Exercise prompt: From the line containing "即便是白天,都能感受到从湖面" through the last line below, copy every line exactly, leaving out the pictures.

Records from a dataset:
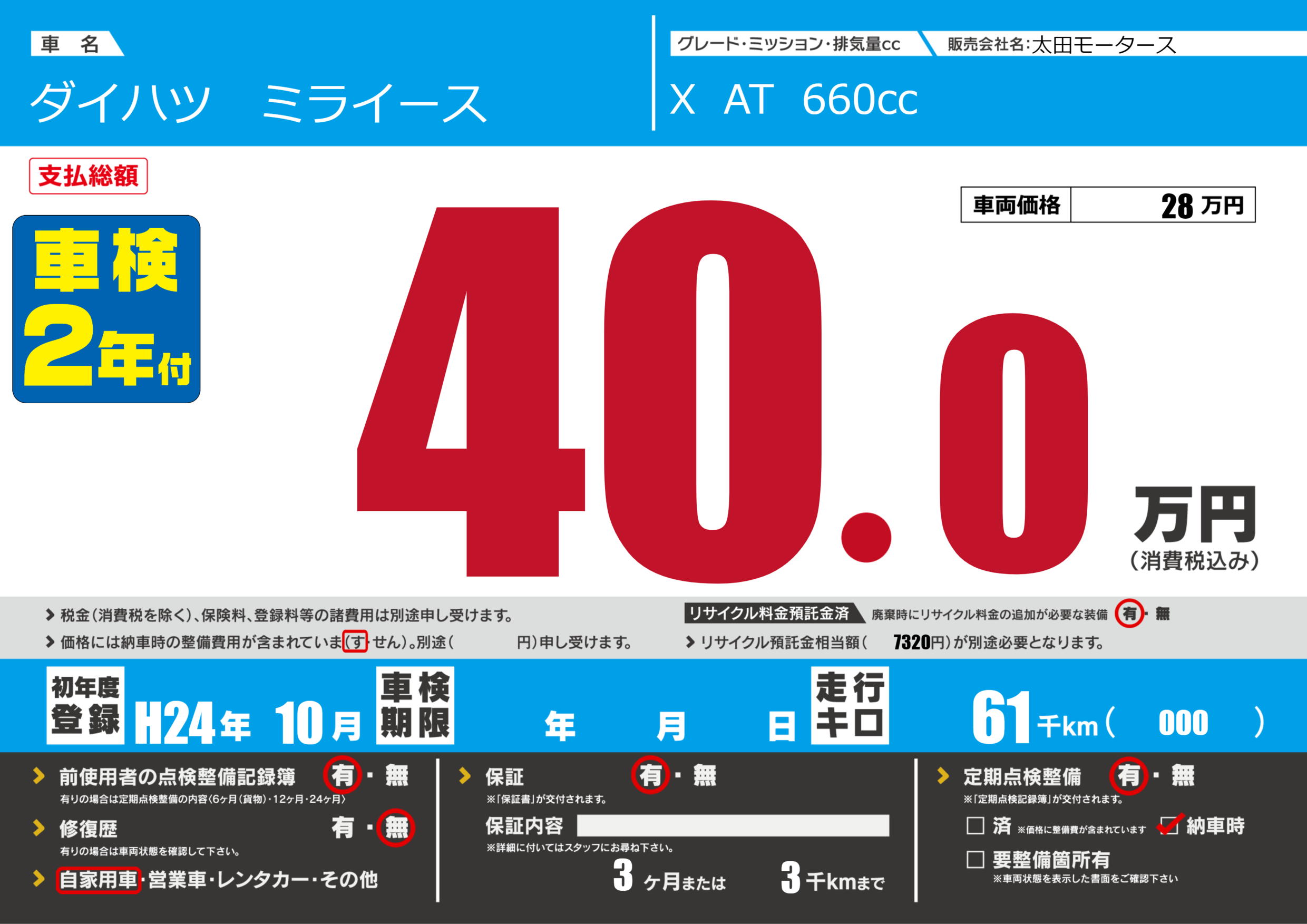 | 定期点検整備 | 定期点検整備あり 納車時あり | ||
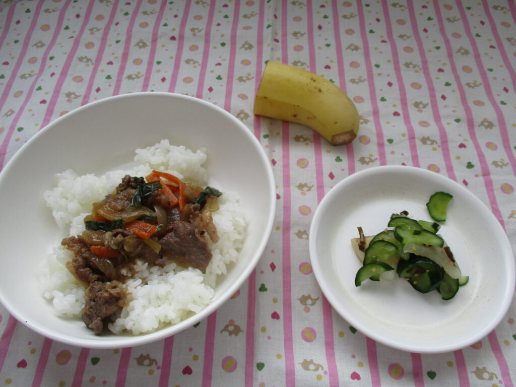 <今日の献立>プルコギ丼・大根ときゅうりの浅漬け・バナナ
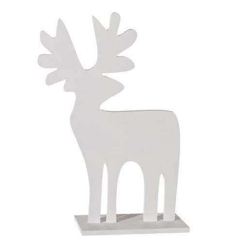 Ręcznie wykonana dekoracja świąteczna w postaci jelonka. Minimalistyczna ozdoba, która przygotuje Twój dom na święta i wniesie do niego wyjątkowy, radosny nastrój. Uniwersalny biały kolor oraz prosta forma pozwalają na wykorzystanie tej dekoracji w wielu stylistykach oraz wnętrzach. Wspaniale zaprezentuje się postawiona na parapecie, kominku, stole, czy komodzie. Możesz ją również wykorzystać do stworzenia włanego świątecznego stroika. Do kompletu polecamy pozostałe dekoracje z tej samej serii. Wymiary: szer. 34cm, gł. 15cm, wys. 50cm. Wymiary podstawy: szer. 15cm, dł. 25cm. Materiał: płyta mdf. Kolor: biały. Waga: 1,1kg.
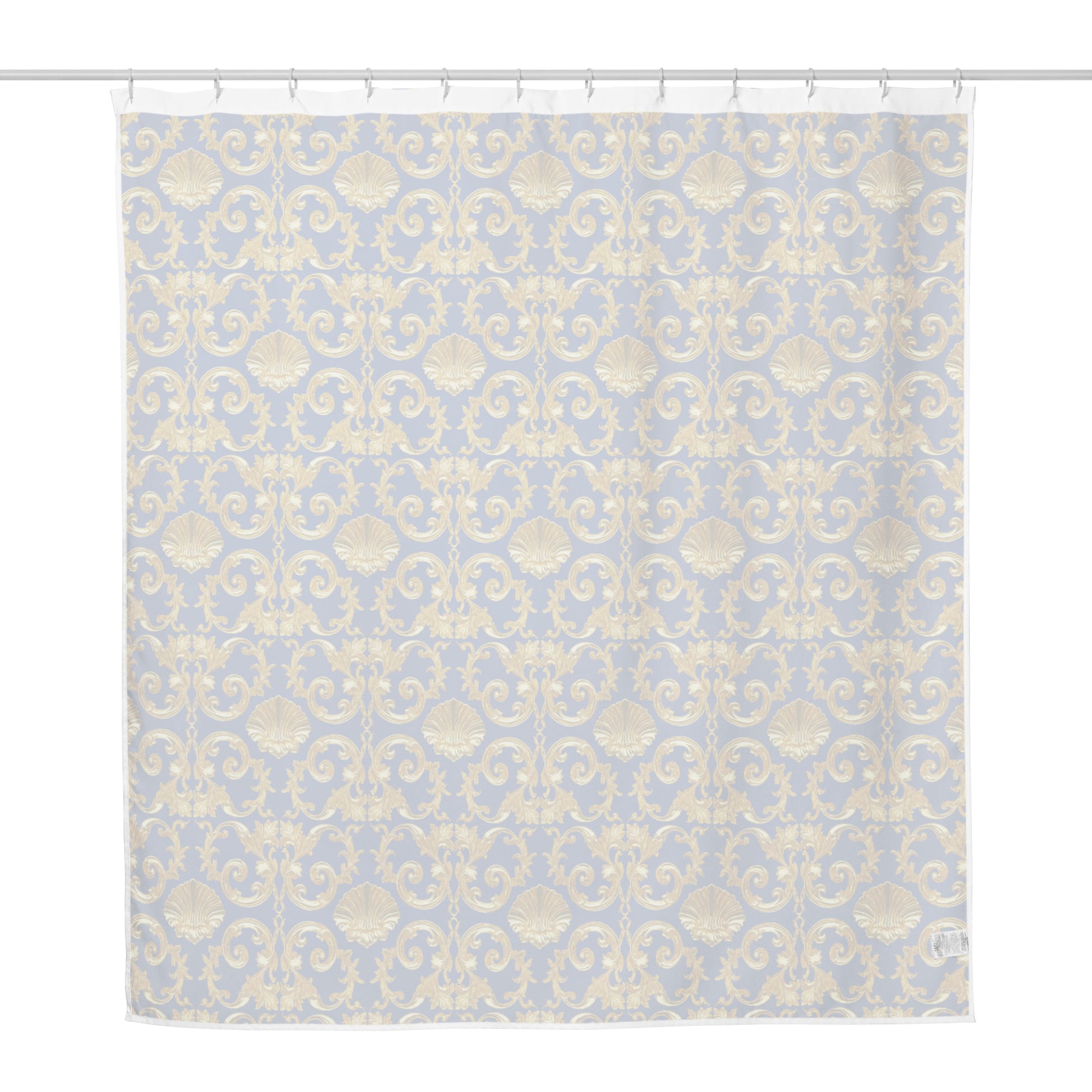 Baroque Gold Shell & Acanthus Leaf Motif on Royal Sapphire Blue Shower curtain | Bach Baroque Harmony Collection
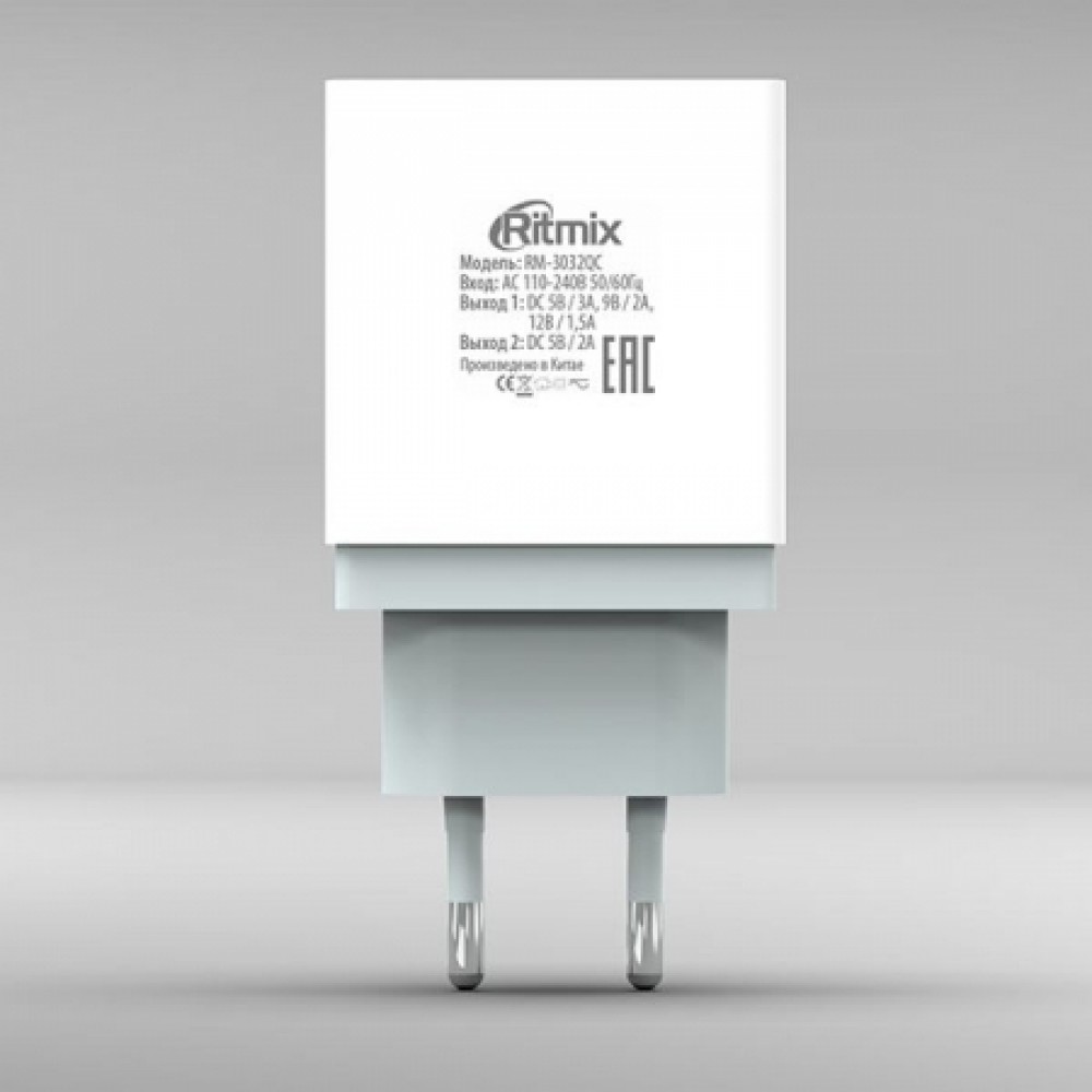 Зарядное устройство Ritmix RM-3032QC 3А+2A 5В, 2xUSB, белое
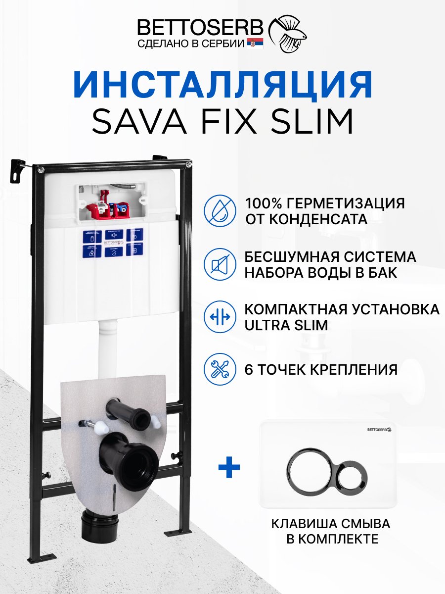 Комплект Инсталляция BETTOSERB Sava Fix Slim 40006456 + Кнопка Duo 40006458 цвет белый глянец, глянцевый хром
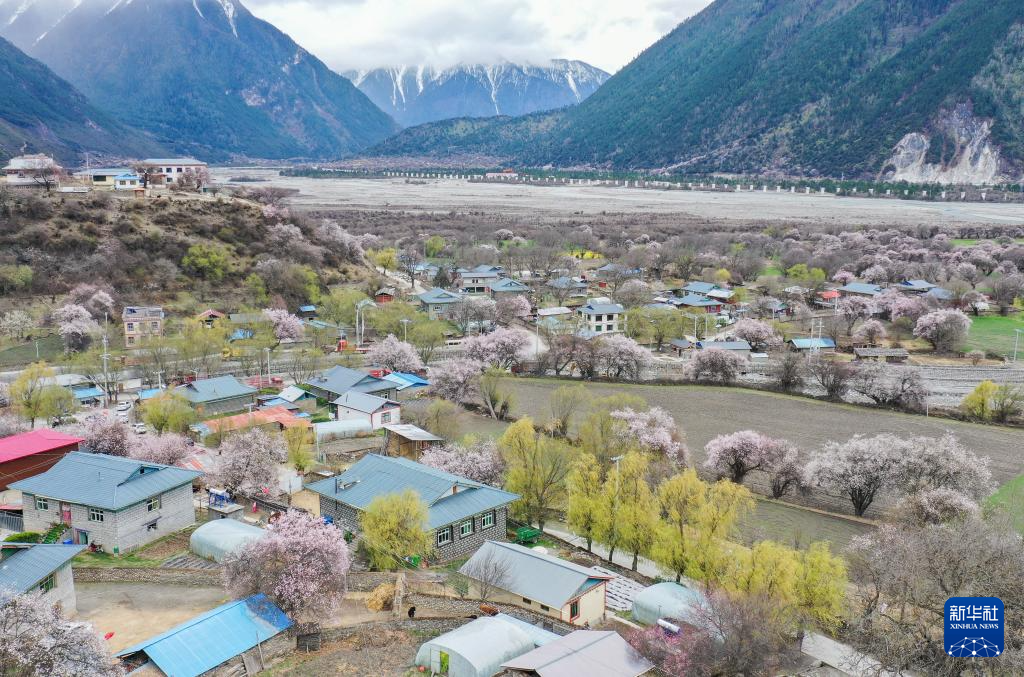 這是在林芝市巴宜區(qū)嘎拉村拍攝的桃花(4月1日攝,無人機照片)。新華社記者 丁增尼達 攝
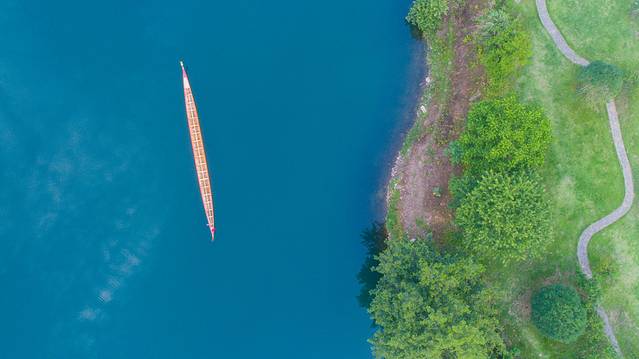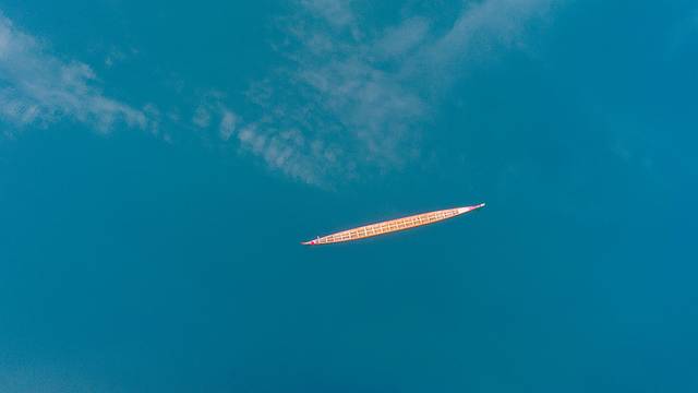 即便是白天,都能感受到从湖面吹来的微风,湖上静静漂着一叶小舟,这绝对是现实版的世外桃源,格外安静美好。
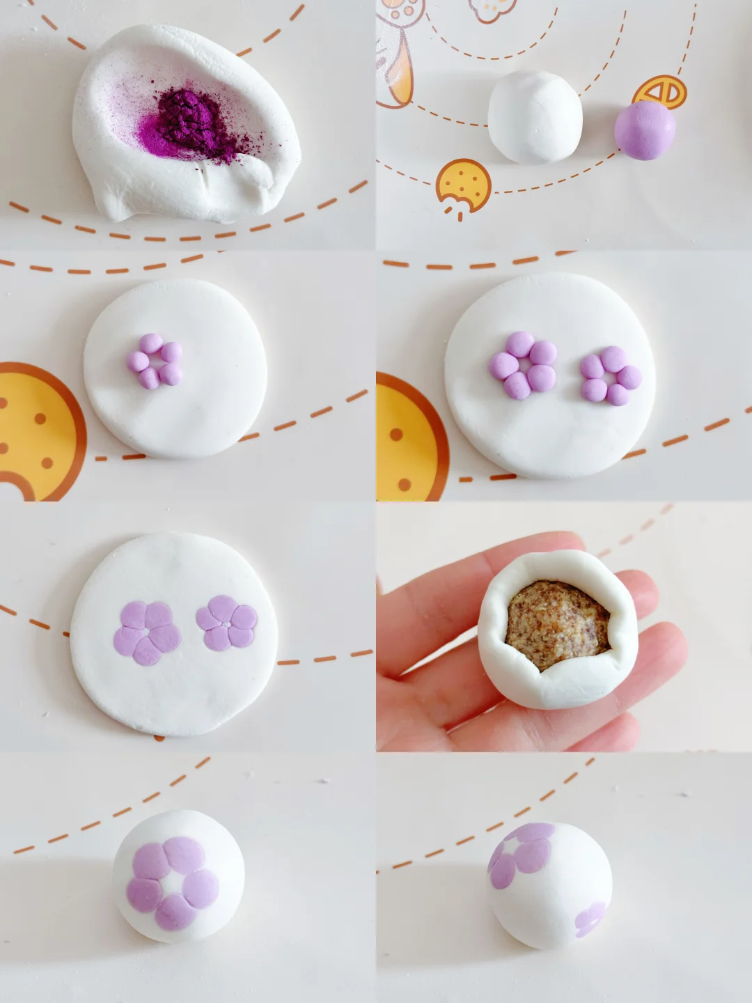 6️⃣取一个白色面团稍微压扁,再放上5个紫色面团,做两朵就放10个。再压扁,放上馅料包起来。包的时候其余的粉团需要盖保鲜膜防干!
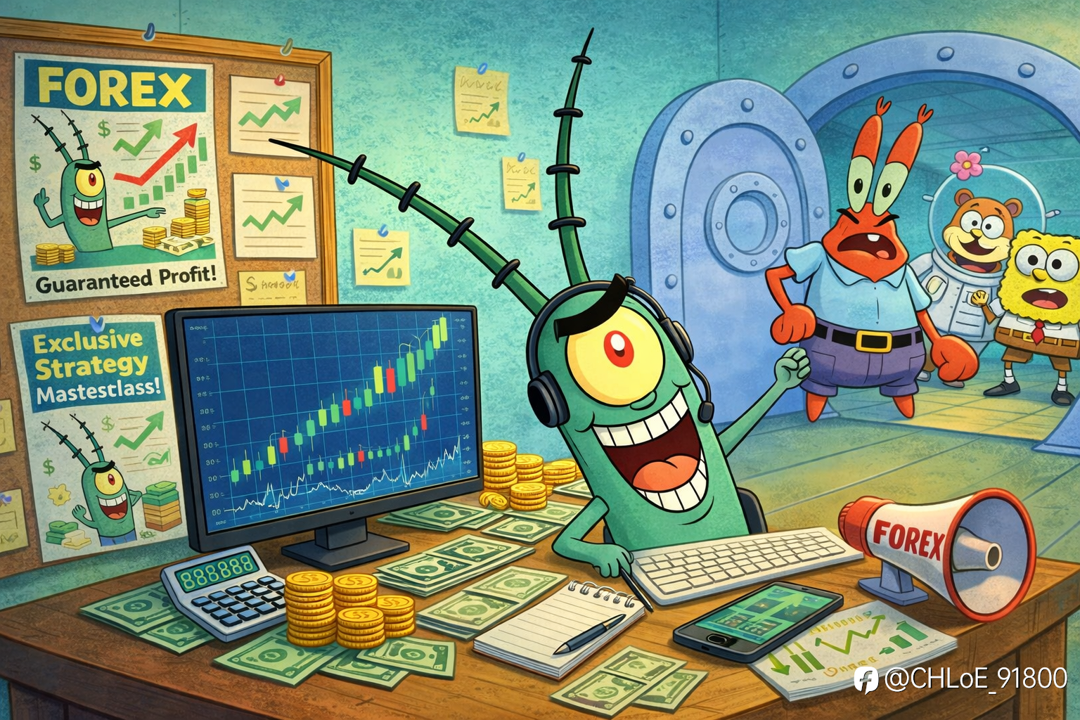 在蟹老板和珊蒂的指导下,海绵宝宝不仅掌握了稳健的外汇交易技巧,还慢慢养成了理性规划资金、严守交易纪律的习惯,账户里的小额收益稳步积累,再也不会像以前那样盲目交易、冲动跟风。 可比奇堡里并非所有人都懂得理性做外汇,擅长投机取巧、总想着走捷径赚快钱的痞老板,盯上了刚入门外汇交易的小伙伴们,摇身一变成为“外汇策略大师”,悄悄设计了虚假交易策略骗局,不少缺乏经验的小伙伴不慎中招,就连刚稳住节奏的海绵宝宝,也差点被套路。 今天,蟹老板、珊蒂和海绵宝宝,就一起拆解痞老板的虚假策略骗局,教大家如何辨别外汇交易中的陷阱,守住交易本金、稳健盈利。 痞老板一直嫉妒蟹老板的生意红火,也羡慕海绵宝宝凭借正规交易技巧慢

Response area:
 即便是白天,都能感受到从湖面吹来的微风,湖上静静漂着一叶小舟,这绝对是现实版的世外桃源,格外安静美好。
 6️⃣取一个白色面团稍微压扁,再放上5个紫色面团,做两朵就放10个。再压扁,放上馅料包起来。包的时候其余的粉团需要盖保鲜膜防干!
 在蟹老板和珊蒂的指导下,海绵宝宝不仅掌握了稳健的外汇交易技巧,还慢慢养成了理性规划资金、严守交易纪律的习惯,账户里的小额收益稳步积累,再也不会像以前那样盲目交易、冲动跟风。 可比奇堡里并非所有人都懂得理性做外汇,擅长投机取巧、总想着走捷径赚快钱的痞老板,盯上了刚入门外汇交易的小伙伴们,摇身一变成为“外汇策略大师”,悄悄设计了虚假交易策略骗局,不少缺乏经验的小伙伴不慎中招,就连刚稳住节奏的海绵宝宝,也差点被套路。 今天,蟹老板、珊蒂和海绵宝宝,就一起拆解痞老板的虚假策略骗局,教大家如何辨别外汇交易中的陷阱,守住交易本金、稳健盈利。 痞老板一直嫉妒蟹老板的生意红火,也羡慕海绵宝宝凭借正规交易技巧慢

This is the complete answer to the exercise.